Mexican cucumber, squash imports are needed: FPAA

FPAA: ITC reports confirm Mexican cucumber, squash imports needed to meet rising demand

FPAA: ITC reports confirm Mexican cucumber, squash imports needed to meet rising demand

The Fresh Produce Association of the Americas has said that the recently issued reports by the U.S. International Trade Commission (ITC) shown that Mexican cucumber and squash imports are needed to meet rising U.S. consumer demand.

The reports summarized the ITC's findings from its investigations on the U.S. cucumber and squash industries and the effect that imports had on seasonal growers. 

The FPPA's comments come in contrast to the reaction of groups and politicians from the Southeast, including the Florida Fruit and Vegetable Association, which said that the reports' findings show that duties are needed on the imports to protect domestic growers.

The ITC reports do not support the U.S. Southeast growers’ "simplistic reaction to reflexively blame Mexican imports for all of their problems", said Lance Jungmeyer, President of the Fresh Produce Association of the Americas (FPAA).

In fact, he says the report notes the difficulties faced by domestic Southeast growers are largely out of anyone’s control – the difficulty in finding labor and the fact that climate/weather in the Southeast does not favor advanced growing methods such as greenhouses.

“The ITC conducted a thorough investigation that provides a fair and balanced overview of the many factors affecting the U.S. cucumber and squash market, especially given the fact that Mexican imports are highly differentiated from the competition in terms of varietal selection and packing standards,” Jungmeyer said.

“Consumer demand for Super Select cucumbers, fancy cucumbers and unblemished squashes are the factors driving the marketplace.”

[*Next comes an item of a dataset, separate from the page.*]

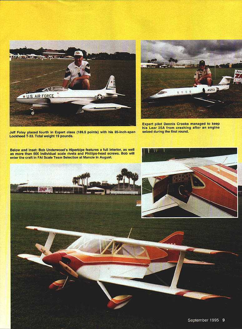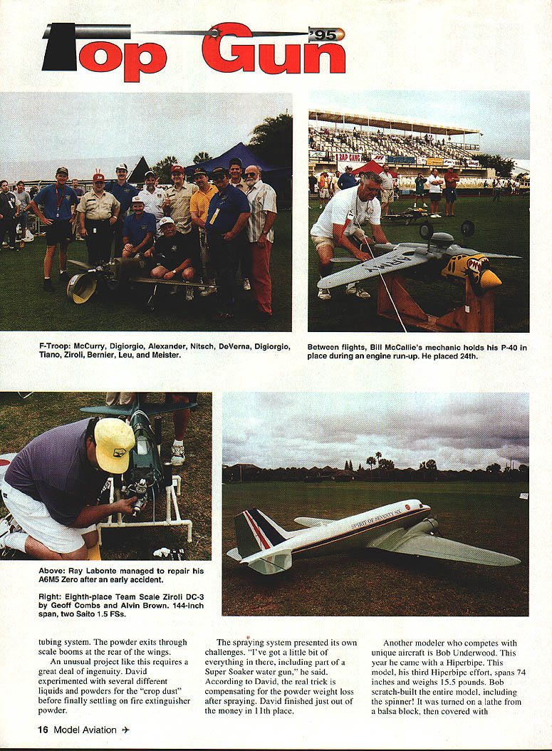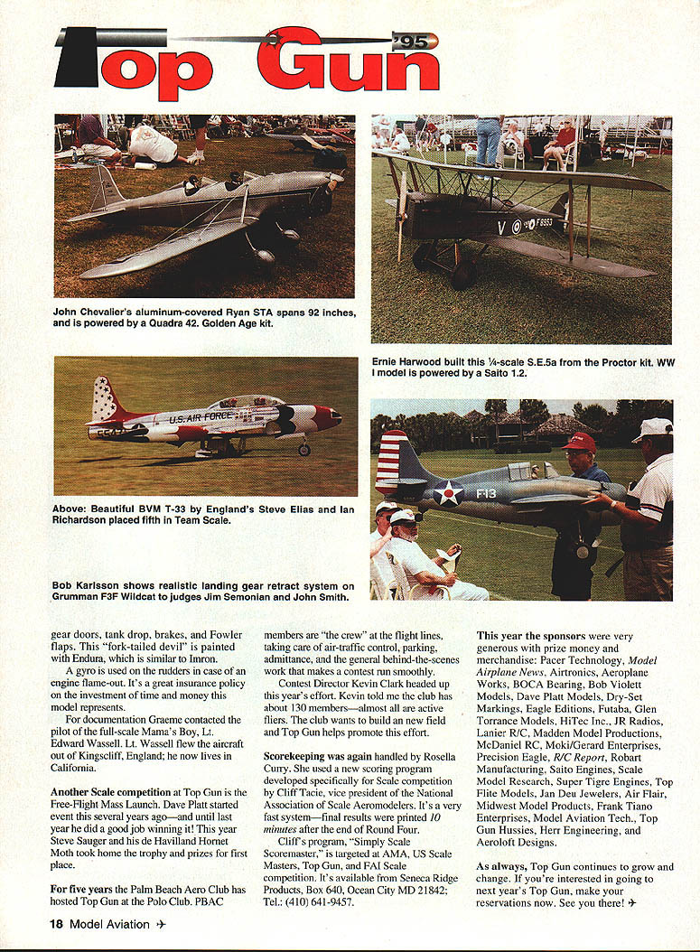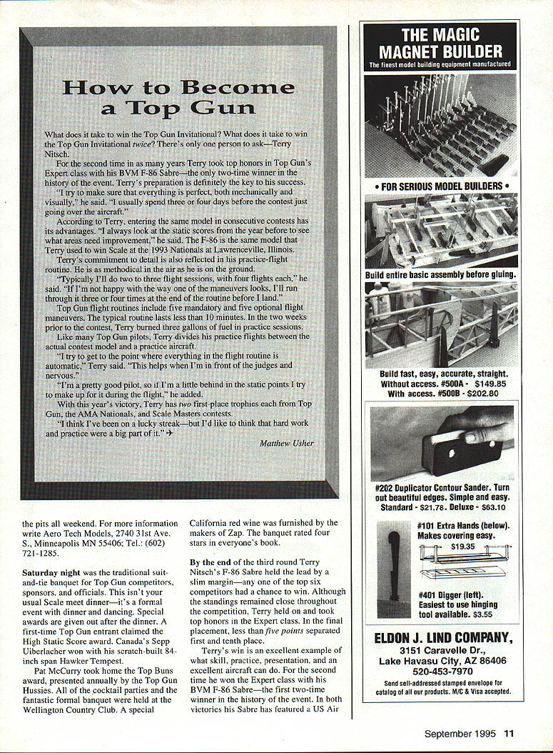 Terry Nitsch does ft again U Stan Alexander ONCE YEAR aeromodelings best best converge West Palm Beach Florida compete worlds prestigious Scale eventsthe Top Gun Invitational international competition held Palm Beach Polo Club April 27-30 Hosted Palm Beach Aero Club meet marked its fifth year polo field Its different events onean air show spectators world-class championship competitor great September 1995 7 Terry Nitsch repairs nose gear winning BVM F-86 Sabre Jet Gear collapsed during first-round landing Jim Sandquist preps Super Stearman Jess Larsons flight Team Scale event team took sixth place Above The P-38 Team Scale entry Bob Fiorenze Graeme Mears Yellow Aircraft model took fourth event Left Spectators admire Dave Plafts Grumman Mohawk /e scale model lost after left engine failure 8 Model Aviation w Inset Bob Underwoods Hiporbipe features full interior well 600 indivIdual scale rivets Phillips-head screws Bob will enter craft FAI Scale Team Selection Muncie August Expert pilot DennIs Crooks managed keep Lear 35A crashing after engine Jeff Foley placed fourth Expert class 1895 points 85-inch-span seized during first round Lockheed T-33 Total weight 19 pounds Bud Roanes $opwltti Pup goes through Its maneuvers Buds clessic WW effort finIshed 13th Expert class opportunity show off products hobby industry Contestants came Canada England Germany Brazil Columbia United States different countries origin spoke understood same plane language Rain threatened field several times during week couple downpours though polo field wet wasnt unmanageable didnt affect flying very much wind behaved itself during eventseveral biplane pilots really seemed enjoying themselves know vendors manufacturers appreciated having walled exhibition tent Static judging started 830 am Thursday April 27 Most Expert Class judged day several late arrivals Friday judged Team Scale aircraft Friday afternoon Chief Judge George Len runs tight ship Competitors strict time schedule judgingthis keeps entire process moving along During judging some pilots practiced routines put show audience Nearly 15000 spectators attended four-day competition An air show also held Friday gave competitors time make repairs talk friends watched show Air shows also held Saturday Sunday during halftime breaks After pilots meeting Saturday morning opening ceremonies started Star Spangled Bannercomplete Pitts biplane doing aerobatics overhead first round competition flying usually pilots work out jitters mechanical problems make final adjustments routine Garland Hamiltons F-80 Shooting Star first off runway interesting aircraft lined pits during week first time great Messerschmitt Bf 1 09G sliced through sky above polo grounds aircraft built Pat McCurry Dave Platt kit aircraft finished Erich Hartmann markings study Scale detail details seemed appear longer looked No area overlookedhatches vents engine cowl hinges cockpit showed remarkable attention detail Pat scratchbuilt canopy G- 14 model well other details Pat used Dave Platt s painting technique apply custom-mixed K&B epoxy standard Luftwaffe winter camouflage scheme followed several light-gray washes finish rubbed fine steel wool effect familiar name flying OV-ID Mohawk years competition Dave Platt replaced Mohawk lost midair collision during last years competition latest version slightly larger last years model 1/6-scale craft has 96-inch span powered two OS 91 fourstroke engines Unfortunately bit history repeated itself Daves first competition flight model went down Mohawks left engine died during right turn craft went Hamilton Lake Fortunately water minimized damage model Wayne Siewert represented Imperial Japanese Army Air Force WW Il-era Nakajima Ki-84 Frank new breed hightech models Top Gunits constructed carbon fiber fighter has aluminum spar runs length 88-inch-span wing Plates epoxied spar leading edge wrapped Kevlar support 32pound weight model during landing According Wayne its first carbon-fiber kit Aero Tech Models company will soon release its version North American P-51D will have approximately same dimensions weight Ki-84 prototype 10 Model Aviation weekend information write Aero Tech Models 2740 31st Ave S Minneapolis MN 55406 Tel 602 721-1285 Saturday night traditional suitand-tie banquet Top Gun competitors sponsors officials isnt usual Scale meet dinnerits formal event dinner dancing Special awards given out after dinner first-time Top Gun entrant claimed High Static Score award Canadas Sepp Uiberlacher won scratch-built 84inch span Hawker Tempest Pat McCurry took home Top Buns award presented annually Top Gun Hussies cocktail parties fantastic formal banquet held Wellington Country Club special California red wine furnished makers Zap banquet rated four stars everyones book end third round Terry Nitschs F-86 Sabre held lead slim marginany top six competitors chance win Although standings remained close throughout competition Terry held took top honors Expert class final placement less thanfive points separated first tenth place Terrys win excellent example what skill practice presentation excellent aircraft can second time won Expert class BVM F-86 Sabrethe first two-time winner history event both victories Sabre has featured US Air #191 Extra Hands below Makes covering easy #401 Digger left Easiest use hinging tool available $355 ELDON J LIND COMPANY 3151 Caravelle Dr Lake Havasu City AZ 86406 520-453-7970 Send self-addressed stamped envelope catalog products M/C & Visa accepted September 1995 11 Build fast easy accurate straight Without access #SOOA $14985 access #50GB $20280 #202 Duplicator Contour Sander Turn out beautiful edges Simple easy Standard $2178 Deluxe $6310 -I Ufl Expert Standings After Round 4 Static Pilot/Model Tony F-86 2Garland F-80 Sho Ramon Tv Cessna 04Jeff Foley T-33A 5Nick Zirol Hellcat 8KIm Fosto Sopwith F Score Flight 1 Score Flight 2 Score Flight 3 Score Flight 4Total ScoreScore 96750 92750 95750 94375 91000 94750 92125 12 Model Aviation 0 e Ban

In reviewing the ITC reports, FPAA said it found that: Imports are needed to meet increasing U.S. consumer demand for a broader range of cucumbers and squash; there is no evidence of Mexican imports underselling U.S. cucumbers or squash; and U.S. growers face challenges unrelated to imports.

In addition to holding a public hearing with numerous industry witnesses presenting testimony, the ITC conducted its own independent research and interviewed many industry witnesses. 

The FPPA says the ITC’s findings reflect a "solid understanding of the complexities of the many different factors that affect the ever-changing supply and demand conditions of the cucumber and squash markets".